**** INPUT ****

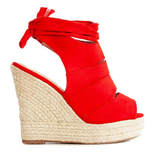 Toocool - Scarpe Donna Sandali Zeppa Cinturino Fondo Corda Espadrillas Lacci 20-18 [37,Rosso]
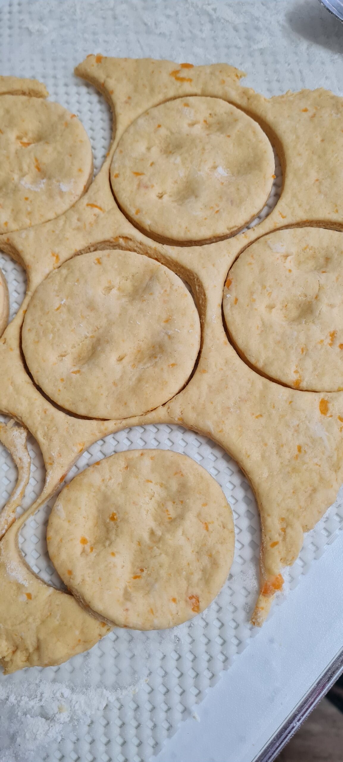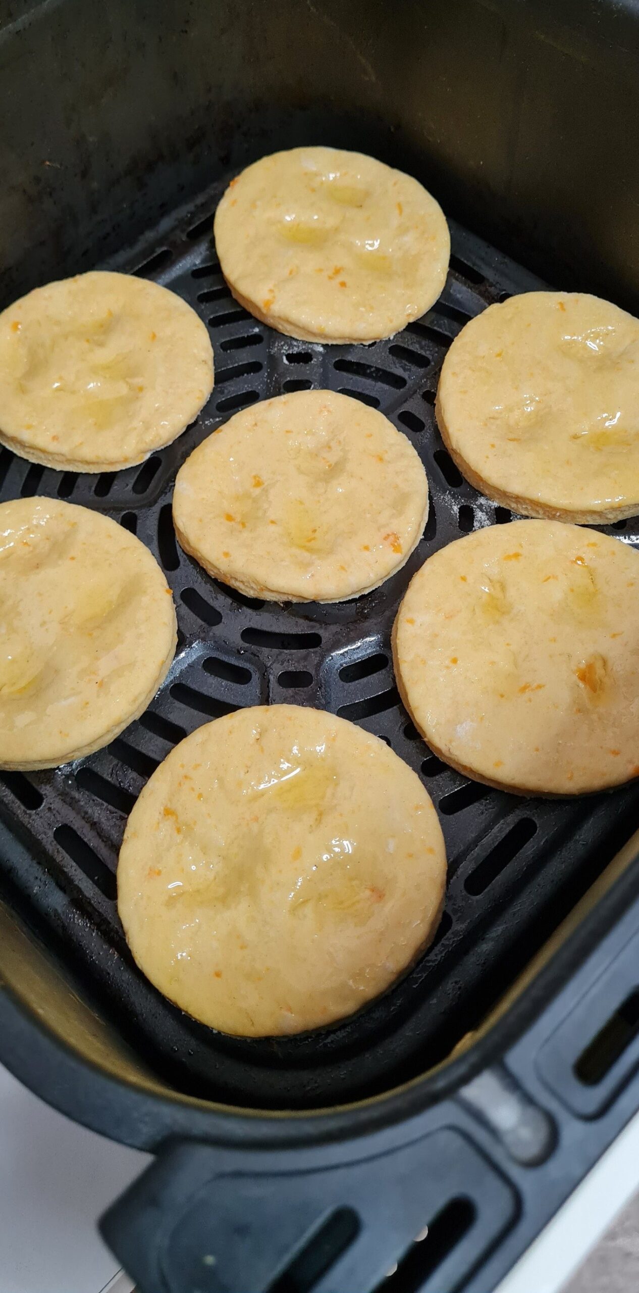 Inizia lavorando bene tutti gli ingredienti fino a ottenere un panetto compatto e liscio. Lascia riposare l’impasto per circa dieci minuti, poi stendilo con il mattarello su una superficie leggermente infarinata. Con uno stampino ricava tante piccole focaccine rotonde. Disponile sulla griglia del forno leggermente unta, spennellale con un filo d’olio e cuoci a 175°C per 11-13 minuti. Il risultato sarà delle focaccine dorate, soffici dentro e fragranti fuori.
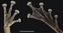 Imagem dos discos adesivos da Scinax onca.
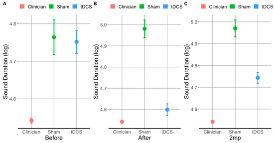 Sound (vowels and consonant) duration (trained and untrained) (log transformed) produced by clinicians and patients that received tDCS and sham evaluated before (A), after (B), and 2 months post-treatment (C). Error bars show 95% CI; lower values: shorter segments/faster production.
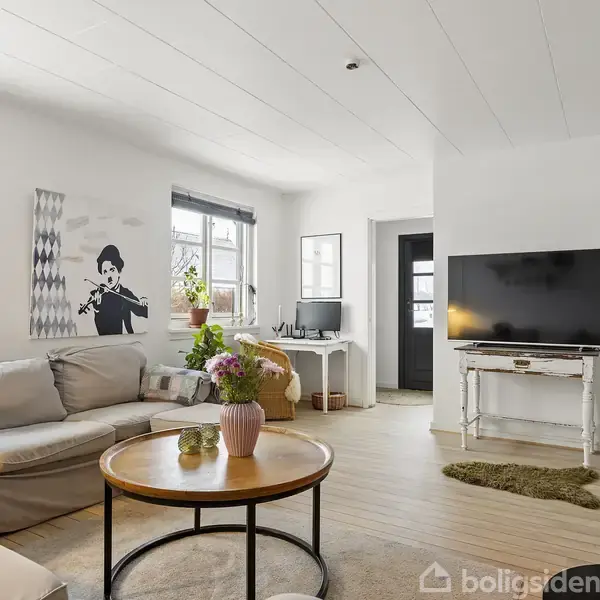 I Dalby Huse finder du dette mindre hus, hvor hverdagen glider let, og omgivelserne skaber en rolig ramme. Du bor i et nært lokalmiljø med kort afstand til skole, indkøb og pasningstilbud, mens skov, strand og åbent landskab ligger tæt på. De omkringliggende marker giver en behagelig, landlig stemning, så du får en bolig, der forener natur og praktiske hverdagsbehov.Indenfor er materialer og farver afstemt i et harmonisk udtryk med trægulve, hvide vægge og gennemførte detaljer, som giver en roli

****

TASK TO CARRY OUT:
Write out exactly the lines beginning with the line that holds "Inizia lavorando bene" and ending with the final line of the data, both ends included, without the pictures.

EXERCISE RESULT:
 Inizia lavorando bene tutti gli ingredienti fino a ottenere un panetto compatto e liscio. Lascia riposare l’impasto per circa dieci minuti, poi stendilo con il mattarello su una superficie leggermente infarinata. Con uno stampino ricava tante piccole focaccine rotonde. Disponile sulla griglia del forno leggermente unta, spennellale con un filo d’olio e cuoci a 175°C per 11-13 minuti. Il risultato sarà delle focaccine dorate, soffici dentro e fragranti fuori.
 Imagem dos discos adesivos da Scinax onca.
 Sound (vowels and consonant) duration (trained and untrained) (log transformed) produced by clinicians and patients that received tDCS and sham evaluated before (A), after (B), and 2 months post-treatment (C). Error bars show 95% CI; lower values: shorter segments/faster production.
 I Dalby Huse finder du dette mindre hus, hvor hverdagen glider let, og omgivelserne skaber en rolig ramme. Du bor i et nært lokalmiljø med kort afstand til skole, indkøb og pasningstilbud, mens skov, strand og åbent landskab ligger tæt på. De omkringliggende marker giver en behagelig, landlig stemning, så du får en bolig, der forener natur og praktiske hverdagsbehov.Indenfor er materialer og farver afstemt i et harmonisk udtryk med trægulve, hvide vægge og gennemførte detaljer, som giver en roli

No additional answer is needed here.